This summit was characterized by having a lot of situations, activities and products that emerged, beyond the agenda of the negotiation. There was a summit of presidents, as in other climate summits, where some agreements or some statements came up around certain issues that contribute to or complement the action under the legal framework of the Paris Agreement and the convention.

Declarations and agreements at the COP

These statements that were made had quite an impact because they touched on important issues, for example, the reduction of methane emissions associated with what is agriculture and some part of the energy sector; emissions of what has to do with forests, that is, curb deforestation by 2030; energy transition; fossil fuel financing, in particular coal; and sustainable mobility. That also drew a good chunk of the media and political attention from the first week in particular. These elements have gained relevance but are not strictly Glasgow’s negotiating agenda.

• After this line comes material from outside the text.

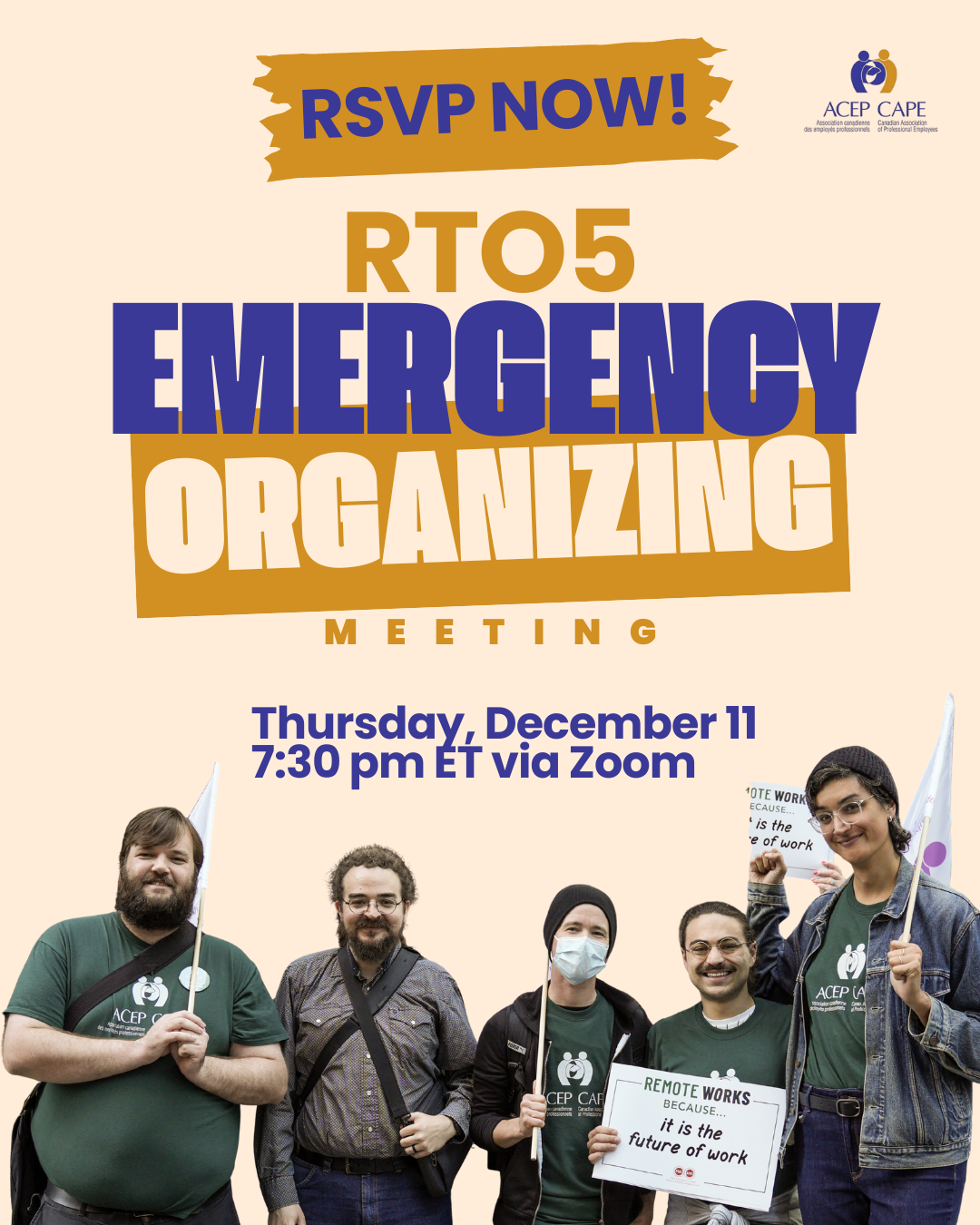 Join your coworkers on Thursday, December 11 at 7:30 pm ET over Zoom for a National Emergency Organizing meeting hosted by departmental organizing committees to learn about the response to RTO4/5 and what you can do to win telework in your next contract.

The outstanding debts of the COP

However in this COP also there are things that have been relatively “loose”. For example, when we talk about these carbon markets, the famous Article 6 of the Paris Agreement, famous for what has been discussed at each of these summits, but when it comes to defining carbon markets, when it comes to talking about how markets can contribute It has not gone the way that at least society asked for it to go.

With not so many safeguards and with some loopholes that can be exploited by some governments and by some companies to take advantage without making a concrete or real emission reduction. But it does not mean that the entire market that is defined is wrong, it does not mean that some doors are being left open that could allow that.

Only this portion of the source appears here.